HeapSort Efficiency

Question

For heap (array based) sort, we need to start at index 1, ignoring the 0th index. If I want to make a static function like

public static void heapSort(int[] array){ } 

The user shouldn't care about leaving the 0th index empty. And I don't want to allocate a new array (only to start from the 1st index). What would be the correct way to heap sort in this case?

class Heap {

    private static int[] array;
    private static int heap_size;

    private static int leftChild(int node) {
        return (node * 2 <= heap_size) ? node * 2 : -1;
    }

    private static int rightChild(int node) {
        return (node * 2 + 1 <= heap_size) ? node * 2 + 1 : -1;
    }

    private static void constructHeap() {
        for (int i = heap_size / 2; i > 0; --i) {
            max_heapify(i);
        }
    }

    private static void max_heapify(int node) {
        int consider;
        if (leftChild(node) == rightChild(node)) {  //Missing nodes (both return -1)
            return;
        } else if (leftChild(node) == -1) {         //left node missing, consider the right one
            consider = rightChild(node);
        } else if (rightChild(node) == -1) {        //right node missing, consider the left one
            consider = leftChild(node);
        } else {                                    //both nodes present, evalute which one to consider
            consider = array[leftChild(node)] >= array[rightChild(node)] ? leftChild(node) : rightChild(node);
        }

        if (array[node] < array[consider]) {
            int temp = array[node];
            array[node] = array[consider];
            array[consider] = temp;
            max_heapify(consider);
        }
    }

    private static int extractMax() {
        if (heap_size == 0) {
            System.err.println("Error: Heap is empty!");
            return -1;
        }
        int maxValue = array[1];
        int temp = array[1];
        array[1] = array[heap_size];
        array[heap_size] = temp;
        heap_size--;
        return maxValue;
    }

    public static void heapSort(int[] array_input) {

        //array to sort
        array = array_input;
        /*
         max_heap size = array.length-1 (-1 because of the 0th index that we are NOT going to consider)
         The user should not have to care about leaving the 0th index empty.
         But we can't use index 0 due to the rightChild() and leftChild() calculations for
         indexes.
         */
        heap_size = array.length - 1;
        constructHeap();

        for (int i = array.length - 1; i > 0; --i) {
            array[i] = extractMax();
            max_heapify(1);
        }
    }

    public static void main(String[] args) {
        int[] array = {0, 7, 5, 99, 3, 2, 1, 22, 33, 42, 1, 332, 1};
        heapSort(array);
        for (int i = 1; i < array.length; ++i) {
            System.out.print(array[i] + " ");
        }
    }
}

Answer 1

What would be the correct way to heap sort in this case?

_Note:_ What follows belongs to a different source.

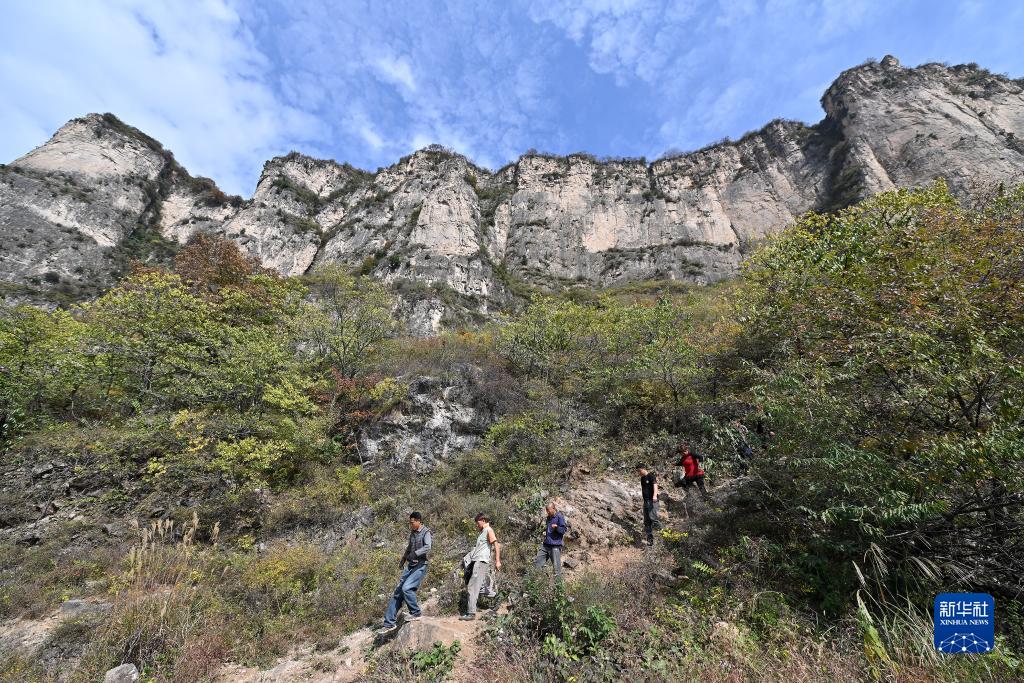 在壺關(guān)縣大峽谷鎮(zhèn)青龍峽村,村民們?cè)谛蘼烽g隙到山下休息(10月17日攝)。

Change the methods computing indexes:

private static int leftChild(int node) {
    return (node * 2 + 1 <= heap_size) ? node * 2 + 1: -1;
}

private static int rightChild(int node) {
    return (node * 2 + 2 <= heap_size) ? node * 2 + 2 : -1;
}

That's all what's needed.

---

Changing one invalid index (too big) into another one (-1) feels rather hacky. Not doing this and using

private static boolean isValid(int node) {
    return node < heap_size;
}

would be better.

---

I hate static variables and you should too. Replace

private static int[] array;
private static int heap_size;

by arguments. Actually, drop heap_size, as array.length does the job. If you don't want to pass it around, create an object HeapSort. Internally, you would do

new HeapSort(array).sort();

but you can make the constuctor private and expose a static method instead.